Comment 3 Łukasz Mach 2004-10-21 18:05:55 UTC
Problem is, that I cannot reproduce bug by hand. The same message, which arrives
without BAYES test, processed again behaves properly. So cause is unknown for me
now, seems to be random. 

Due to above, I don't think it's related to not enough tokens. 
Comment 4 Daryl C. W. O'Shea 2004-10-22 05:37:26 UTC
The message isn't being auto-learned the first time through, is it?  This would
explain bayes assigning a probability the second time through, since it would
then have enough tokens.
Comment 5 Łukasz Mach 2004-10-22 06:57:16 UTC
hmm, maybe. I have cleaned my spamfolder, so I can't say if you're right or wrong. 

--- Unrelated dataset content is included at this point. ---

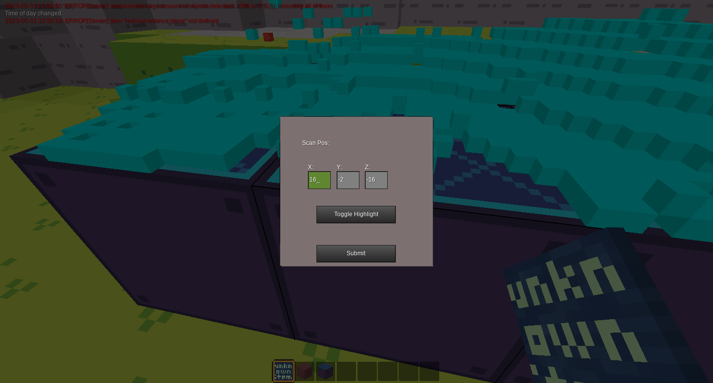 Provides one new node (holosurveilance:holo) when placed this block will display the heightprofile and all players(red cubes) of a region with 16x16x16 dimensions. The lower corner(min x, min y, min z) of this region can be defined by rightclicking the block, these coordinates are relative to the position of the block and aligned to world coordinates so it doesnt matter how the block is facing.

I'll wait for such accident and check if emails without BAYES has no equivalents
which came earlier and was classified properly. 
Comment 6 Łukasz Mach 2004-10-25 04:47:23 UTC
Created attachment 2482 [details]
first arrive, bayes tested
Comment 7 Łukasz Mach 2004-10-25 04:47:58 UTC
Created attachment 2483 [details]
second arrived, bayes not tested
Comment 8 Łukasz Mach 2004-10-25 04:50:14 UTC
look at the attachments I made. They are almost identical, but first was tested
by bayes, second wasn't tested. 

So I think it isn't true that bayes hasn't enough tokens. 
Comment 9 Daryl C. W. O'Shea 2004-10-25 05:06:28 UTC
The first message wasn't learned since it scored between the learning thresholds.

The tokens matched in your database must have been from the headers which are
vastly different from the second message.

The examples don't show anything wrong.
Comment 10 Theo Van Dinter 2004-10-25 09:03:35 UTC
Subject: Re:  spamassassin sometimes skips to do bayes test

On Mon, Oct 25, 2004 at 05:06:29AM -0700, bugzilla-daemon@bugzilla.spamassassin.org wrote:
> The examples don't show anything wrong.

As usual, if there was debug output, we'd know what was going on.

Comment 11 Łukasz Mach 2004-10-25 11:53:37 UTC
ok, I realized how to turn on debugging and use spamassassin in the same time.
I'll show if there will be something interesting. 

ad comment #9

> The tokens matched in your database must have been from the headers which are
> vastly different from the second message.
> The examples don't show anything wrong.

I don't know why different headers are important here. I thought that bayes test
examine whole body of message, not only headers (at least #1 at
http://wiki.apache.org/spamassassin/BayesInSpamAssassin seems to say something
like that). Body of both messages is in mostly identical. First message was
classified by bayes (so there was tokens in db), second not (should use tokens
used in first message). 
Comment 12 Bob Menschel 2005-04-09 17:41:35 UTC
> I don't know why different headers are important here. ...

Yes, Bayes tests the whole body, headers and body text. And it considers all of
that. If in your first message the headers and body together indicated spam, but
in the second message with similar body, but very different headers, the body
suggested spam and headers suggested not-spam, then Bayes wouldn't make a
determination. 

Anyway, in October you were going to see if you could get a full debug output
which would let us know whether Bayes was working and simply not able to make a
determination on the "skipped" messages, or whether there was an actual problem.
Were you able to do this, and make a determination? Is there a problem that
still needs to be pursued? 
Comment 13 Bob Menschel 2005-05-24 23:14:10 UTC
Triage: Closing as WORKSFORME only because there's been no debug output to work
with, as offered in October and requested again last month. If someone can
reproduce this and provide debug output, please reopen.